• Koen Verbeeck (2/14/2012)


    kll 51891 (2/14/2012)


    I would have expected it to fail due to no newline or semicolon.<snip>

    The semicolon is not yet obligated, except when using the WITH clause. This probably will change in a future version.

    If there's a statement before the WITH clause, it should be terminated with a semicolon. Pay attention, this is not the same as saying that it should be ";WITH". If everyone starts terminating statements with semicolon in old code to make the code portable to a newer edition of SQL Server, all ;WITH statements will fail.

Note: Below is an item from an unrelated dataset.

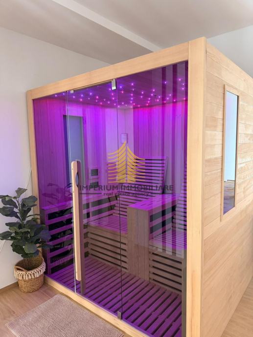 Posebnu vrijednost čine luksuzni sadržaji kao što su bazen i sauna, koji osiguravaju vrhunski komfor i opuštanje u vlastitom domu. Dodatni elementi poput balkona i lođe pružaju dodatne površine za odmor i uživanje u pogledu. Dizajnerski i umjetnički detalji upotpunjuju dojam jedinstvenosti ove nekretnine.

    Thank you for the clarification.

    A quick test:

    use master

    select top 10 * from sys.all_columns

    select top 10 * from sys.all_objects

    select top 10 * from sys.all_columns select top 10 * from sys.all_objects

    select top 10 * from sys.all_columns ;; select top 10 * from sys.all_objects

    reveals that you are correct in the missing semicolons are OK. But it doesn't show why an abundance of semicolons should have detrimental effects.

    My quoting of ";with" were somewhat tongue-in-cheek as it is the first keyword that I am aware of that doesn't accept a newline as a break in command.

    Anyway, looking objectively at stuff, then the fact that I can write

    Select *

    From xx

    Where something is right

    should warn me that semicolons were problably superflous.